> _Prompt_: Word for word, repeat the records, leaving every picture behind.

Items listed in a dataset:
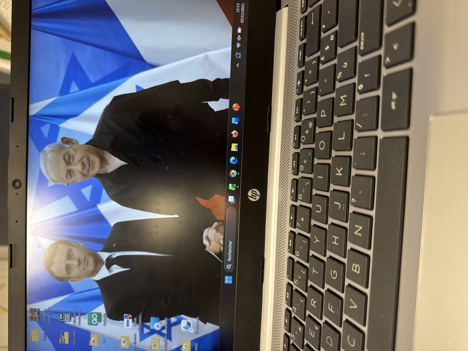 An HP laptop, featuring a silver chassis and dark grey QWERTY keyboard with French localized characters, is depicted in a close-up, angled view. The laptop is positioned on an unidentifiable surface, likely a desk, in Schiltigheim, France. Its screen displays a desktop wallpaper featuring a composite image of two male figures: Emmanuel Macron, in a dark suit, on the left, shaking hands with Benjamin Netanyahu, in a black collared shirt, on the right. Multiple Israeli flags serve as the background for the handshake. The Windows 11 taskbar is visible at the bottom of the screen, containing a centered search bar labeled "Rechercher," several pinned application icons including web browsers and productivity software, and system tray icons indicating Wi-Fi, battery, audio, and the date and time as 07/11/2025, 11:13. Various desktop shortcut icons are visible on the left side of the screen. The screen exhibits visible reflections from an overhead light source and surface smudges. A small webcam lens is situated at the top center of the screen's bezel.
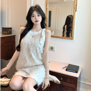 Đầm Không Tay Dáng Ôm Đính Nơ Phối Tua Rua Và Kim Sa Lấp Lánh Thời Trang Hàn Quốc Cho Nữ
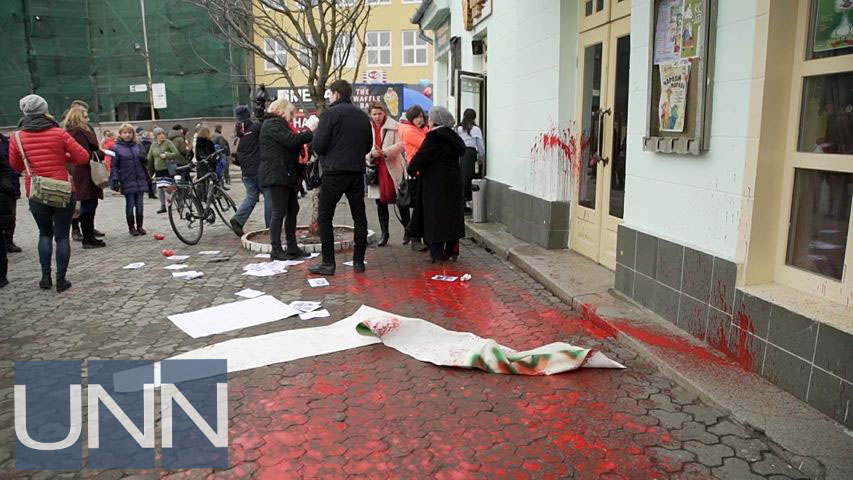 Девушек с плакатами облили красной краской, несмотря на то, что акция была анонсирована.
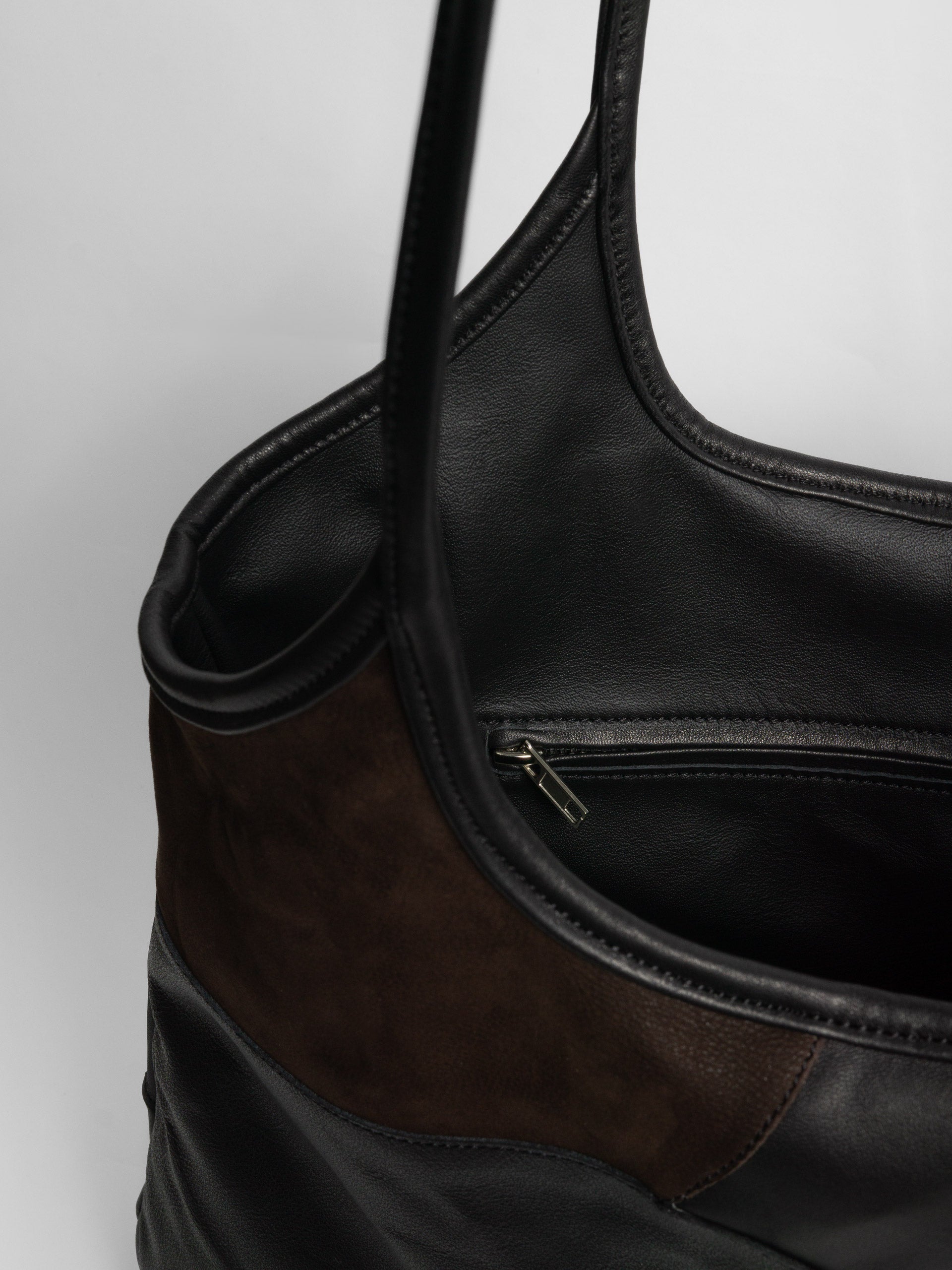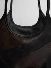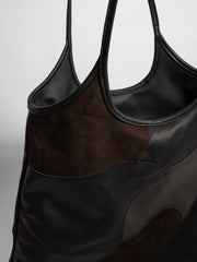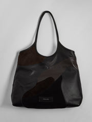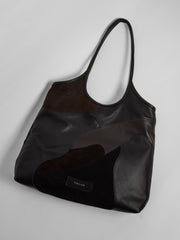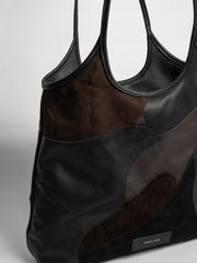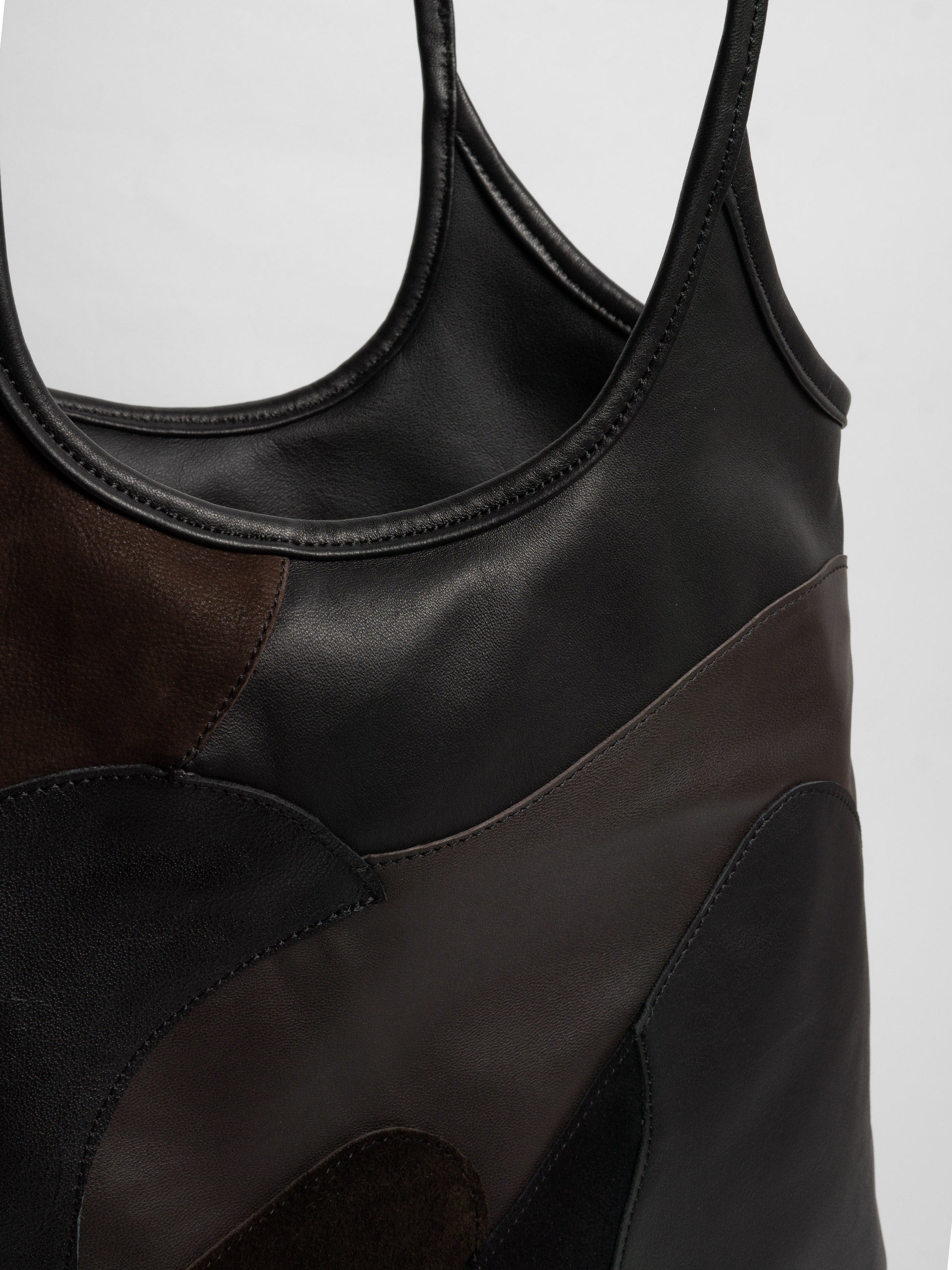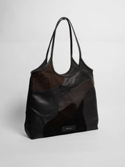 Created slowly in The Lair Studio, Newcastle, Freja is a classic tote bag with an unexpected edge. Crafted from supple yet hardy Italian leathers, this reversible tote offers a unique aesthetic. Whilst one side features meticulously hand-crafted patchwork leather and suede, made entirely from offcuts, the other unveils a smooth black Italian leather, each side as beautiful as the other. Every patchwork pattern is a one-of-a-kind creation, ensuring your bag is as unique as you are. The subtle A-line shape provides ample storage space, while the black side features a convenient pocket and zip closure.
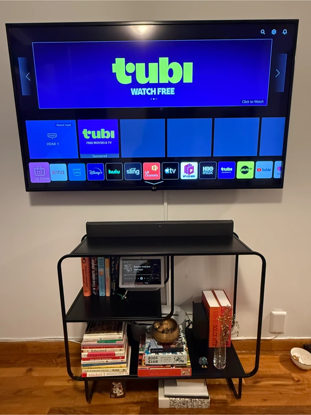 This stylish 2-tier shelf unit/storage console offers ample storage. It's constructed from durable black metal with a modern open design. Its compact size makes it a versatile addition to any room!
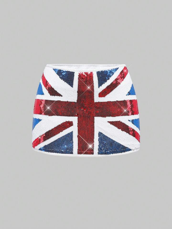 J-Fashion Y2K Sparkly Sequins UK Flag Party Mini Skirt, Cling Fit Low Waist Style For Sexy Girls
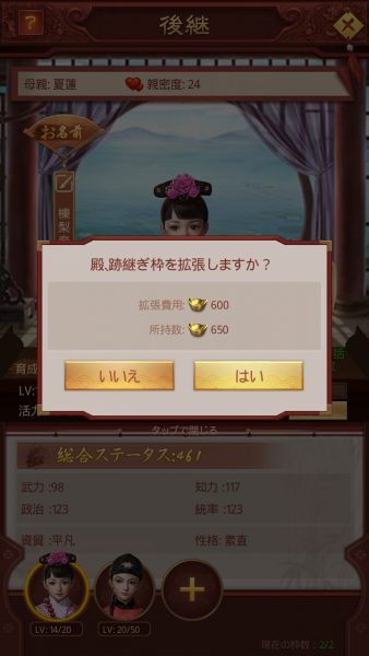 跡継ぎの枠を拡張

> _Problem solution_:
 An HP laptop, featuring a silver chassis and dark grey QWERTY keyboard with French localized characters, is depicted in a close-up, angled view. The laptop is positioned on an unidentifiable surface, likely a desk, in Schiltigheim, France. Its screen displays a desktop wallpaper featuring a composite image of two male figures: Emmanuel Macron, in a dark suit, on the left, shaking hands with Benjamin Netanyahu, in a black collared shirt, on the right. Multiple Israeli flags serve as the background for the handshake. The Windows 11 taskbar is visible at the bottom of the screen, containing a centered search bar labeled "Rechercher," several pinned application icons including web browsers and productivity software, and system tray icons indicating Wi-Fi, battery, audio, and the date and time as 07/11/2025, 11:13. Various desktop shortcut icons are visible on the left side of the screen. The screen exhibits visible reflections from an overhead light source and surface smudges. A small webcam lens is situated at the top center of the screen's bezel.
 Đầm Không Tay Dáng Ôm Đính Nơ Phối Tua Rua Và Kim Sa Lấp Lánh Thời Trang Hàn Quốc Cho Nữ
 Девушек с плакатами облили красной краской, несмотря на то, что акция была анонсирована.
 Created slowly in The Lair Studio, Newcastle, Freja is a classic tote bag with an unexpected edge. Crafted from supple yet hardy Italian leathers, this reversible tote offers a unique aesthetic. Whilst one side features meticulously hand-crafted patchwork leather and suede, made entirely from offcuts, the other unveils a smooth black Italian leather, each side as beautiful as the other. Every patchwork pattern is a one-of-a-kind creation, ensuring your bag is as unique as you are. The subtle A-line shape provides ample storage space, while the black side features a convenient pocket and zip closure.
 This stylish 2-tier shelf unit/storage console offers ample storage. It's constructed from durable black metal with a modern open design. Its compact size makes it a versatile addition to any room!
 J-Fashion Y2K Sparkly Sequins UK Flag Party Mini Skirt, Cling Fit Low Waist Style For Sexy Girls
 跡継ぎの枠を拡張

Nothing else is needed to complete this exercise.